Web Scraping is a technique of extracting/scraping information from websites. This technique mostly focuses on the transformation of unstructured data (HTML format) on the web into structured data.
We will use python library named
BeautifulSoup for this purpose. Do not worry about it right now, we will have program examples in the next tutorial. Our web scraper program will use this library to parse the website's HTML and extract the data. We will also use the
Requests Library to open the URL, download the HTML and pass it to
NOTE: Many websites do not allow Web Scraping, and it might get you in legal troubles. Hence, we advice you to use this only for learning purposes and not to steal or copy data from websites.

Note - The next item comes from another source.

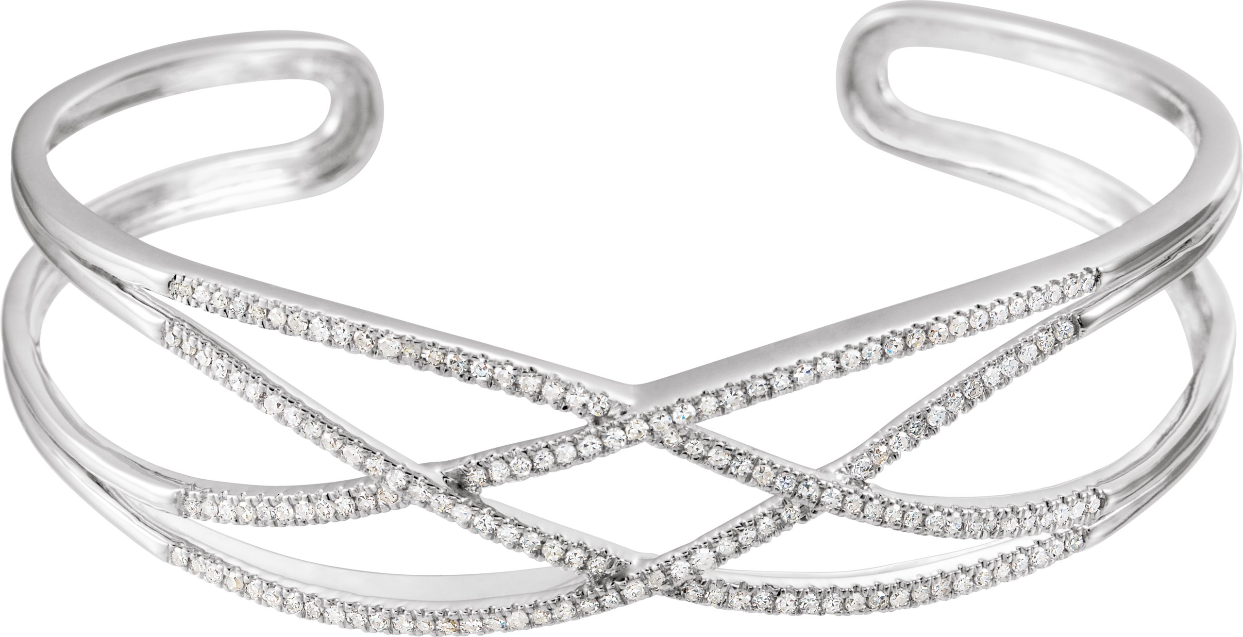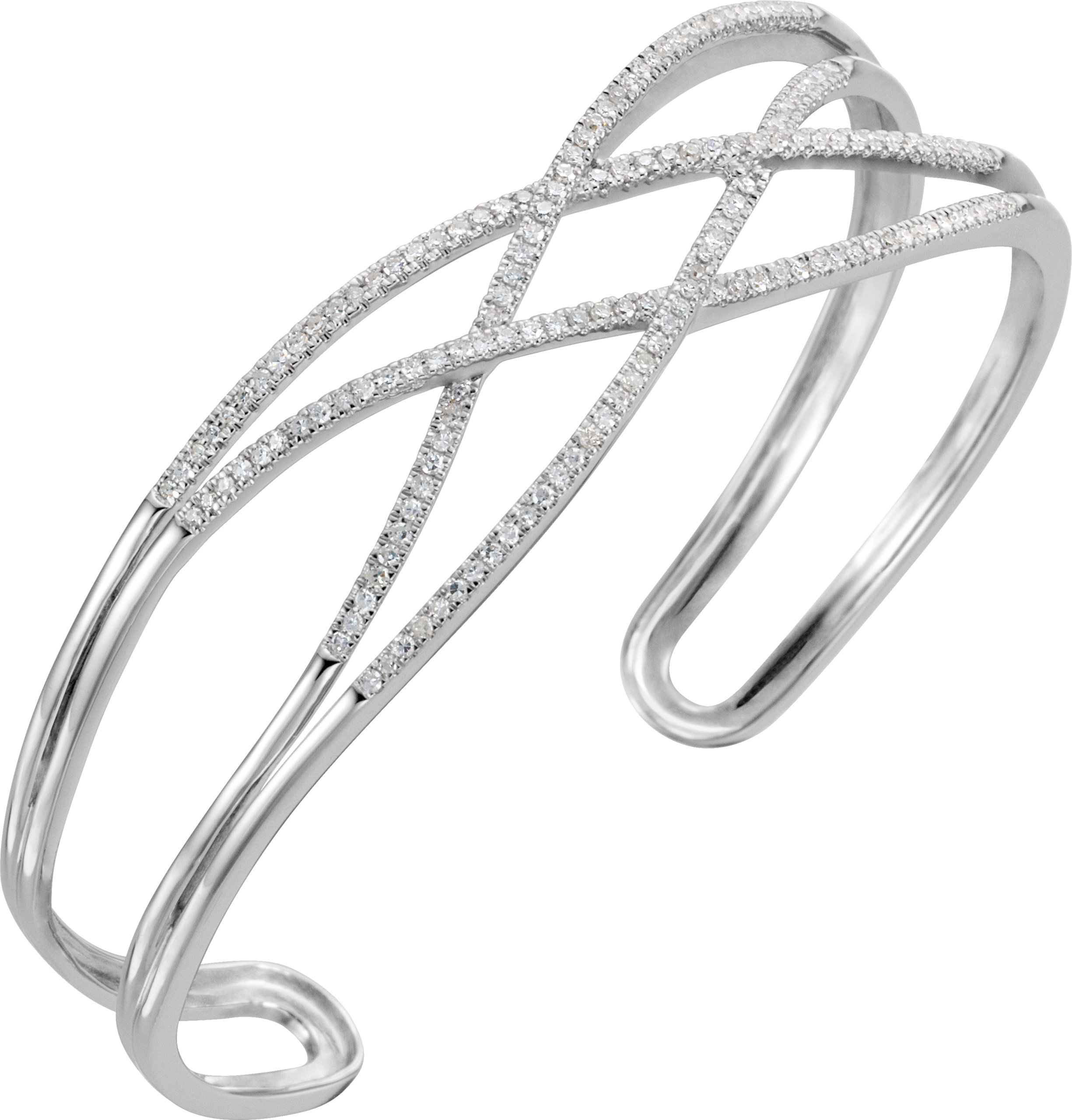 14K White 3/4 CTW Natural Diamond Criss-Cross Cuff 7″ Bracelet – 652349
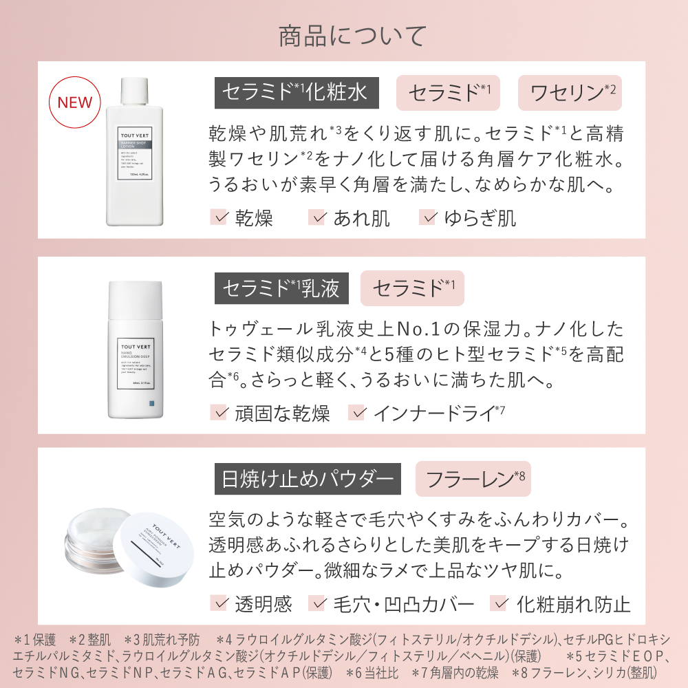 その他の成分:セリサイト、マイカ、窒化ホウ素、無水ケイ酸、酸化チタン、酸化亜鉛、低温焼成酸化亜鉛、微粒子酸化チタン、ミリスチン酸亜鉛、トリ(カプリル・カプリン酸)グリセリル、テトライソステアリン酸ジグリセリル、水素添加大豆リン脂質、フィトステロール、ステアロイルオキシヘプタコサノイルフィトスフィンゴシン、N-ステアロイルジヒドロスフィンゴシン、N-ステアロイルフィトスフィンゴシン、ヒドロキシステアリルフィトスフィンゴシン、エクトイン、D-パントテニルアルコール、ニコチン酸アミド、アスコルビン酸リン酸エステルナトリウム、テトラ2-ヘキシルデカン酸アスコルビル、グルタチオン、L-エルゴチオネイン液、天然ビタミンE、ビサボロール、ステアリン酸、ミリスチン酸マグネシウム、ナイロン末、ポリアクリル酸アルキル、メチルポリシロキサン、メチルハイドロジェンポリシロキサン、架橋型メチルポリシロキサン、架橋型シリコーン・網状型シリコーンブロック共重合体、高重合メチルポリシロキサン(1)、トリメチルシロキシケイ酸、メチルフェニルポリシロキサン、水酸化アルミニウム、黄酸化鉄、ベンガラ、黒酸化鉄

To install the required python modules, follow the instructions below:
$ sudo pip install BeautifulSoup $ sudo pip install Requests
$ pip install BeautifulSoup $ pip install Requests
If you have ever visited a website and looked at the source code(Right Click → View Page Source) you must have seen lots of crappy or non understandable information there. Well, unless we get something understandable or well structured, it is of no use. So to scrap data from a website(say we want to get prices for all the products on a particular page of an e-commerce website), first of all we need to uniquely identify the HTML tags that hold the data on the website. The question is how?
So, if you know HTML basics(click on the link, to learn HTML using our Interactive Course), you must be knowing about HTML tags and attributes. Well, this is the trick, we use HTML tags or attributes or both to uniquely identify any data on a website. Let's see an example.
To uniquely identify the price tag from the website:
Here you can see that price 449.00 can be identified uniquely by:
<span id="priceblock_saleprice" class="a-size-medium a-color-price">
Now, let's say we want to get data and want to compare/store it with data gathered from some other websites. Here is where scraping comes into play. It can be used for mining data from multiple websites. This technology is being used vigrously now-a-days. Many websites like Trivago, which only compares price for the same product from different platforms uses same technology.